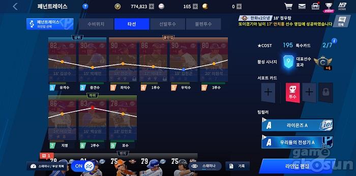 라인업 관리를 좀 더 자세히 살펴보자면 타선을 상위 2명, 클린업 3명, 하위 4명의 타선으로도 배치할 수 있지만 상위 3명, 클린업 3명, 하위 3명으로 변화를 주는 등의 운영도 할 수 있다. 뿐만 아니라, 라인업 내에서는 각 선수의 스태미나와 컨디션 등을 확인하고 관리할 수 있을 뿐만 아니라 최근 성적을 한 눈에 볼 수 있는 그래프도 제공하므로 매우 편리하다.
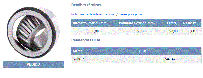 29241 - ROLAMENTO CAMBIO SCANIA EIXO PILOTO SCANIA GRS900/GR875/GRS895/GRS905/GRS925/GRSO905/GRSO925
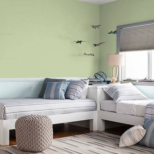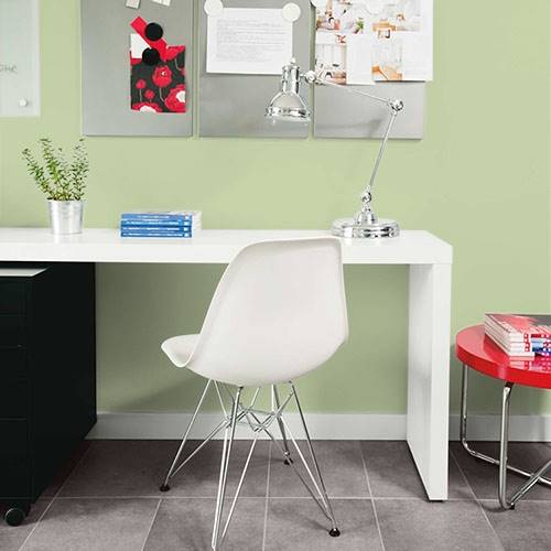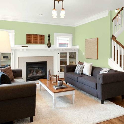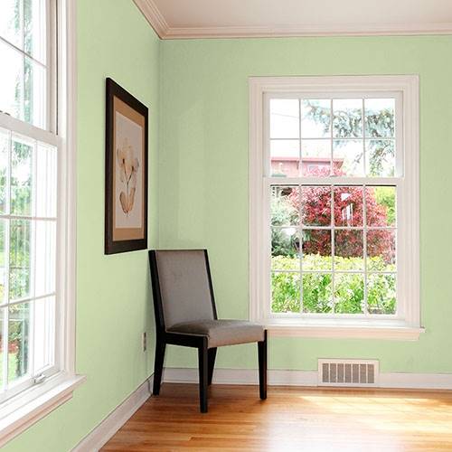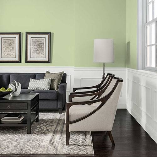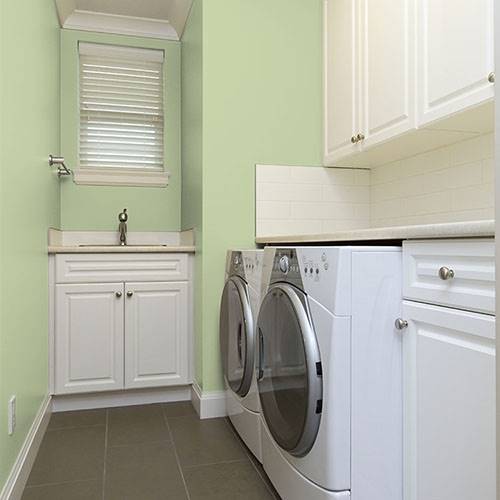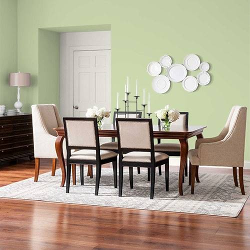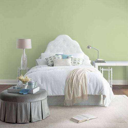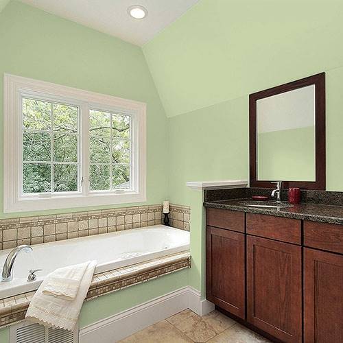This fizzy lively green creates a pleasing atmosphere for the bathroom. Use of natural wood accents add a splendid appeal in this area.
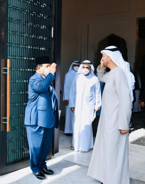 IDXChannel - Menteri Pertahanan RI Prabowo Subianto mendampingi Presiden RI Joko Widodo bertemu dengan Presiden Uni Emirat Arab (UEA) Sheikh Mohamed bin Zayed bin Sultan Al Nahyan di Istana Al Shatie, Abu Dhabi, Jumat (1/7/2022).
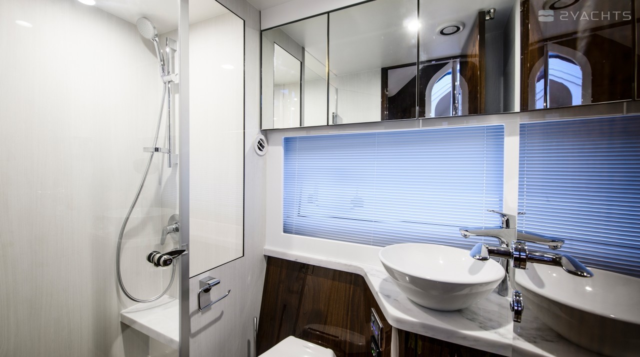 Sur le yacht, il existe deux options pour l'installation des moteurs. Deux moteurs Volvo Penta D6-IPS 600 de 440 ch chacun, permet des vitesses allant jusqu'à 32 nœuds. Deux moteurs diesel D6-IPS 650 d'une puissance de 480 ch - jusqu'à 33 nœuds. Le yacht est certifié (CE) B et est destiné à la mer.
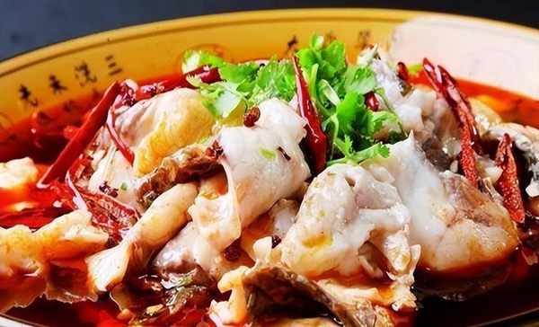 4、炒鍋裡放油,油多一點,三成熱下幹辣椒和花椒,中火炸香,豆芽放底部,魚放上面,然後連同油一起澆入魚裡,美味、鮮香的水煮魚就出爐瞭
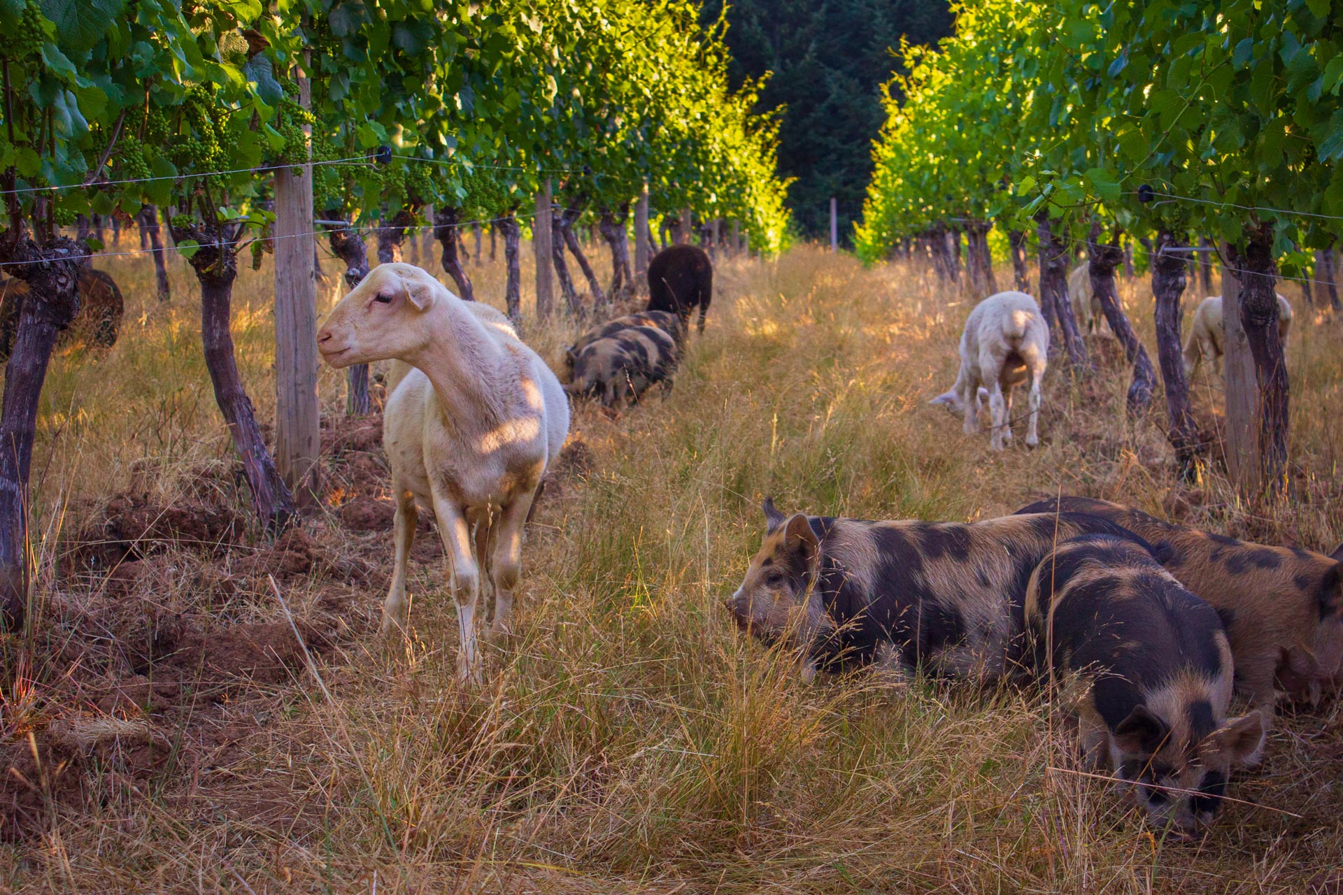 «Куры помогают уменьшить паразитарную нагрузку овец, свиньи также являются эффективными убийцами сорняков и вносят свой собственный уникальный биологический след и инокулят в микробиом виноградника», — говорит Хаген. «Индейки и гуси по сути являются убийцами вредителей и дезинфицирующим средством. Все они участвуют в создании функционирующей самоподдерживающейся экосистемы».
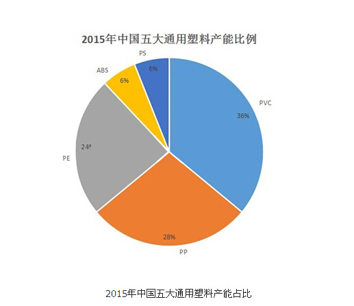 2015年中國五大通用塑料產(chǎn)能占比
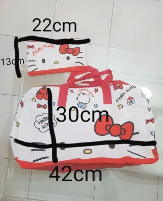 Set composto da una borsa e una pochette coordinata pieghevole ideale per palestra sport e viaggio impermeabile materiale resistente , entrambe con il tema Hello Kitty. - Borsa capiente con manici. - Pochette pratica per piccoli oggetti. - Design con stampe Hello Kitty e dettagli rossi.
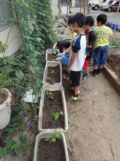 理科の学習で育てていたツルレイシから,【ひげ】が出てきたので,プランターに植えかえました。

◆ ◆ ◆ ◆ ◆ ◆ ◆

*Your goal*:
From the opening line of the entries above to the line that holds "4、炒鍋裡放油,油多一點,三", inclusive, reproduce each line exactly and omit any picture.

*Response to the exercise*:
 라인업 관리를 좀 더 자세히 살펴보자면 타선을 상위 2명, 클린업 3명, 하위 4명의 타선으로도 배치할 수 있지만 상위 3명, 클린업 3명, 하위 3명으로 변화를 주는 등의 운영도 할 수 있다. 뿐만 아니라, 라인업 내에서는 각 선수의 스태미나와 컨디션 등을 확인하고 관리할 수 있을 뿐만 아니라 최근 성적을 한 눈에 볼 수 있는 그래프도 제공하므로 매우 편리하다.
 29241 - ROLAMENTO CAMBIO SCANIA EIXO PILOTO SCANIA GRS900/GR875/GRS895/GRS905/GRS925/GRSO905/GRSO925
This fizzy lively green creates a pleasing atmosphere for the bathroom. Use of natural wood accents add a splendid appeal in this area.
 IDXChannel - Menteri Pertahanan RI Prabowo Subianto mendampingi Presiden RI Joko Widodo bertemu dengan Presiden Uni Emirat Arab (UEA) Sheikh Mohamed bin Zayed bin Sultan Al Nahyan di Istana Al Shatie, Abu Dhabi, Jumat (1/7/2022).
 Sur le yacht, il existe deux options pour l'installation des moteurs. Deux moteurs Volvo Penta D6-IPS 600 de 440 ch chacun, permet des vitesses allant jusqu'à 32 nœuds. Deux moteurs diesel D6-IPS 650 d'une puissance de 480 ch - jusqu'à 33 nœuds. Le yacht est certifié (CE) B et est destiné à la mer.
 4、炒鍋裡放油,油多一點,三成熱下幹辣椒和花椒,中火炸香,豆芽放底部,魚放上面,然後連同油一起澆入魚裡,美味、鮮香的水煮魚就出爐瞭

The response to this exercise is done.